> [THE DATA]:
..............................

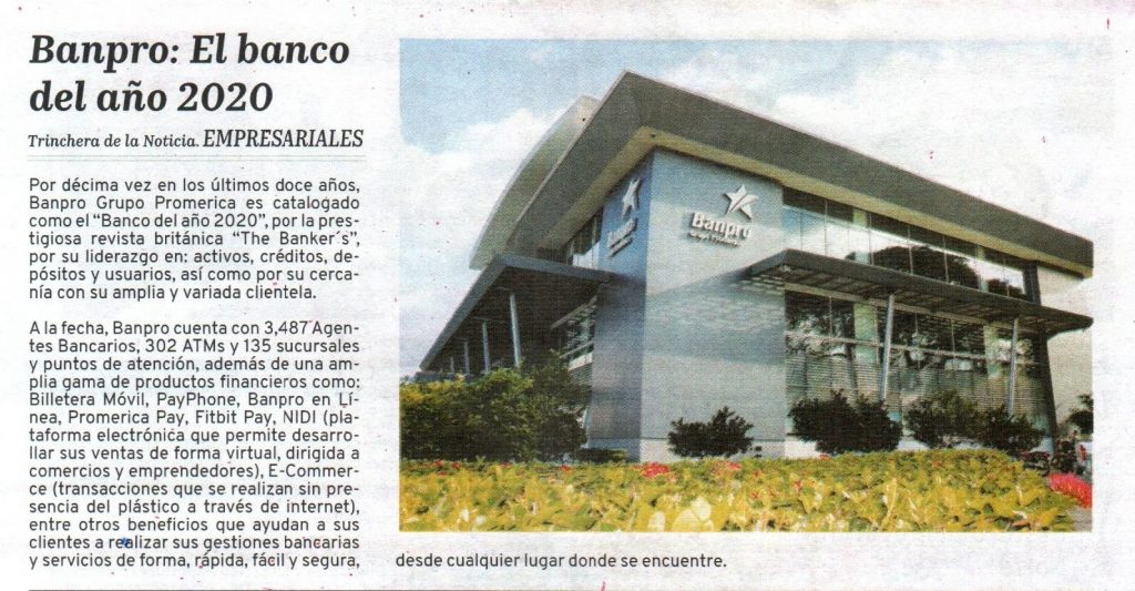 Banpro: El banco del año 2020
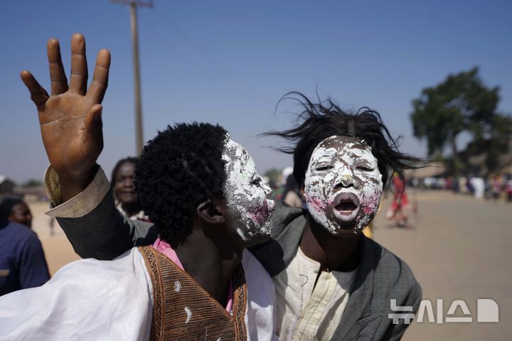 [브왕=AP/뉴시스] 1일(현지시각) 나이지리아 중부 브왕에서 베롬 부족의 새해맞이 축제가 열려 얼굴에 흰색 칠 한 사람들이 새해를 축하하고 있다. 2025.01.02.
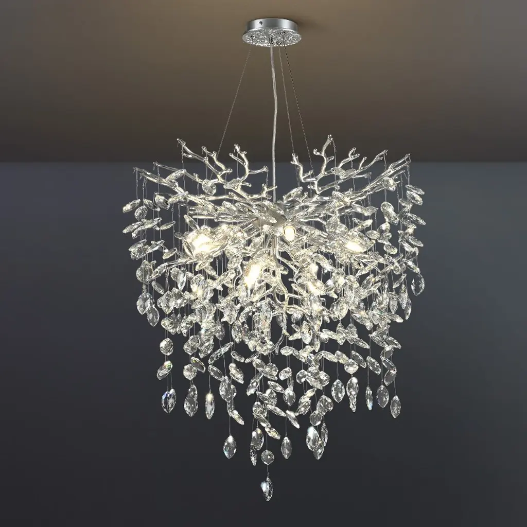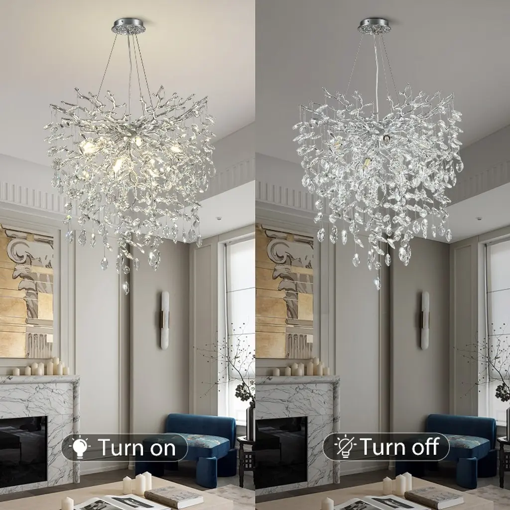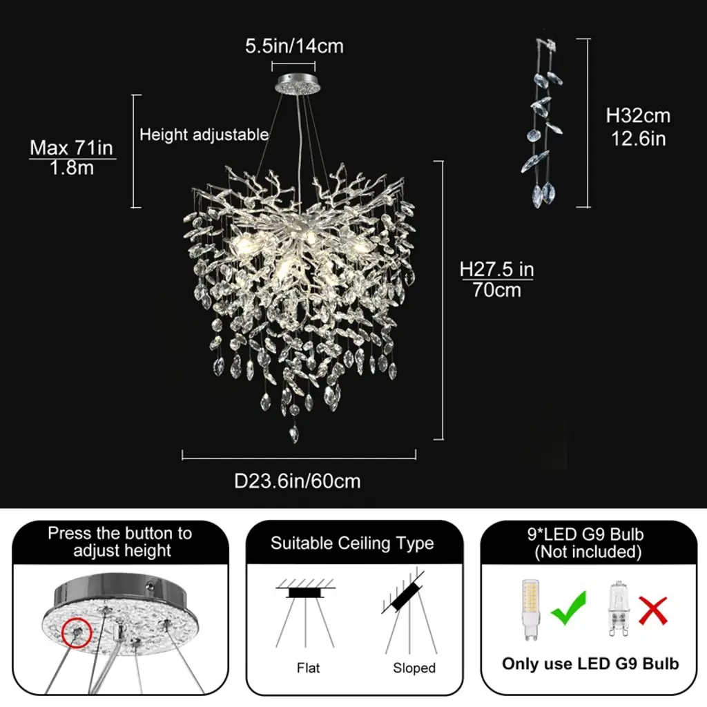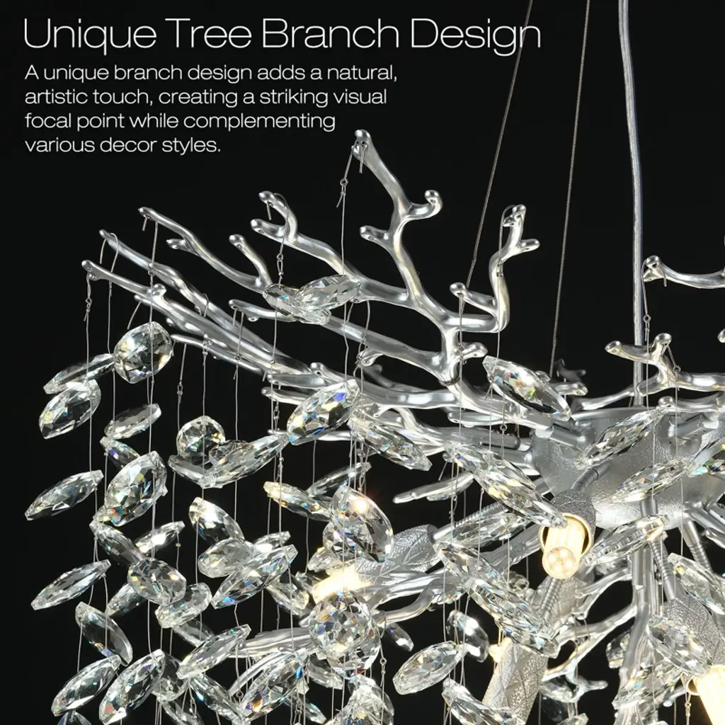The 9-light chandelier is inspired by a tree branch, adding natural beauty and a modern look to your space. Featuring strings of clear K9 crystals suspended from a metal frame in this stunning chandelier, creating a dazzling and captivating glow. Crafted with an aluminum metal framework and a sleek finish, this crystal chandelier offers both durability and opulence. Upgrade your dining room or kitchen, or bedroom with this exquisite crystal chandelier and transform your space into a romantic, elegant ambiance.

..............................

Output the complete listing exactly. Pictures stay out.

 Banpro: El banco del año 2020
 [브왕=AP/뉴시스] 1일(현지시각) 나이지리아 중부 브왕에서 베롬 부족의 새해맞이 축제가 열려 얼굴에 흰색 칠 한 사람들이 새해를 축하하고 있다. 2025.01.02.
The 9-light chandelier is inspired by a tree branch, adding natural beauty and a modern look to your space. Featuring strings of clear K9 crystals suspended from a metal frame in this stunning chandelier, creating a dazzling and captivating glow. Crafted with an aluminum metal framework and a sleek finish, this crystal chandelier offers both durability and opulence. Upgrade your dining room or kitchen, or bedroom with this exquisite crystal chandelier and transform your space into a romantic, elegant ambiance.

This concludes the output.